Ok, so I can't take any credit for this. It was a fix from Ian Booth, which landed in devel and got the broken test going again. In the end, the test was correct and required code changes to fix the overlay.
The couple hours I spent on Windmill yesterday, I spent running the dev server for Launchpad and poking at recipe pages. I had sprinkled some Y.log statements around the disable_existing_builds function in lib/lp/code/javascript/requestbuild_overlay.js and was trying to work out what the various variables were about. I was toggling back and forth between the dev server and the Jenkins page for Windmill, trying to work out where this was failing, when I realized the build was passing again. So I ran the test in my copy of devel, realized it was passing now, and looked through the logs for the revision to be sure of what had happened.
After that, I was near my end of day so I fired off the branch to ec2 test, to see if I could get a hang. My first test run passed, so I fired off another before bed, which also passed. This is part of the frustration of Windmill. It's passing in ec2 for me. It's passing in Jenkins now. But I know that as soon as I turn it back on for our runs in buildbot, it will start failing for someone.

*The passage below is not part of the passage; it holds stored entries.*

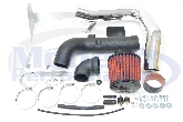 This intake runs from the turbo, around and in front of the battery, then down into the wheel well. The filter sits low enough to pull cooler air that is not heated by the engine, for maximum power. This intake was tested on a relatively stock SRT-4 and gained a peak of 8 horsepower and 13 lbs of torque. At 4400rpm our car gained 12 horsepower and 14 lbs of torque at the wheels!
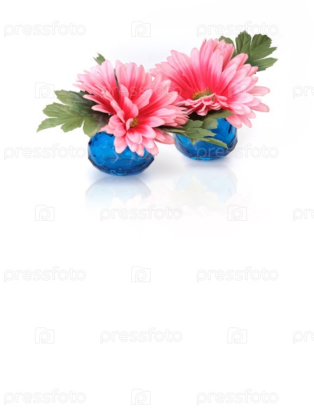 Цветок розовой герберы в небольшой голубой вазе, изолированной на белом фоне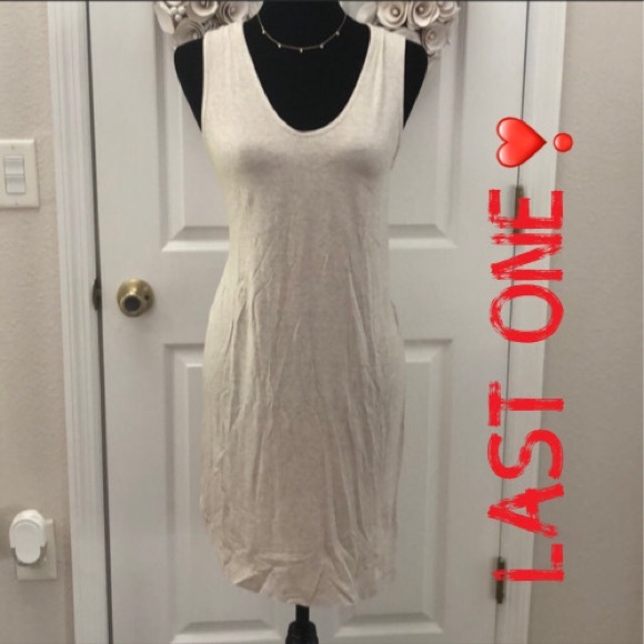 PRICE FIRM This versatile oatmeal dress goes from office to weekend wear with little effort. Front has a rounded v neckline, asymmetrical hemline and material is as super soft. Approx M:B:18.5" W:19" L:33-36.5" Closet closing for good June 30th❣️ April my closet will be on hold. May & June will be my final months of sales. I have already reduced prices 45-50% on boutique items. Final price or Price firm are firm. All items left July 1st will be donated❣️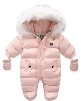 Baby Girls Boys Zipper Down Jumpsuits with Gloves Winter Romper Jumpsuit Romper Outfits
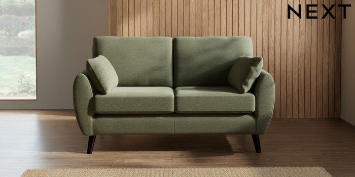 7.2.10 Buy Wilson 2 Seater Sofa Ripple Chenille Mid Moss Green Retro Tapered - Dark from the Next UK online shop Click here to use our accessible website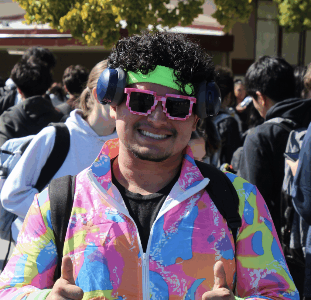 Sophomore Jaime Parada Hernandez sported all the classic neon colors, wearing a track suit with patterns of bright pink, green, and blue. Hernandez also wore neon green sweatbands and pink sunglasses. “I do my best to dress up because I think it’s fun,” he said.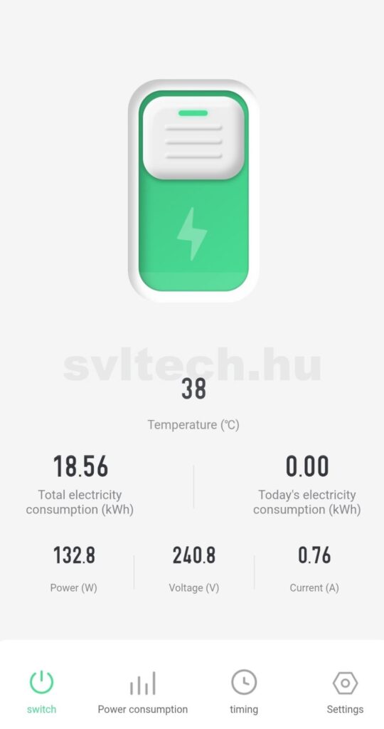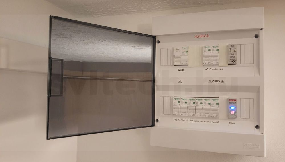 A kivitelezés során külön áramkör került kiépítésre a klímának, a hűtőknek és az előszobai világításnak. Az utóbbi 2 kivételével az egész lakást lehet áramtalanítani egy Tuya Smart kompatibilis okos kapcsolóval akár helyben, akár interneten keresztül, így nem kell aggódni a csatlakoztatva maradt telefontöltők vasaló stb. miatt, energiafogyasztás vagy akár tűzvédelmi szempontból. Természetesen a hűtőgépek továbbra is megkapják a szükséges táplálást.

If I didn't have team lead responsibilities and knew I could babysit this properly, I would turn it on and chase failures directly as they appear.
My plan today is to do something like the following, in the hopes that I get a hang:
for i in `seq 10`;do ./bin/test -cvv --layer=WindmillLayer;done
If I do, then I'll attach with gdb and get a backtrace to see if I can work out what is causing the hang.
Posted by deryck on March 17, 2011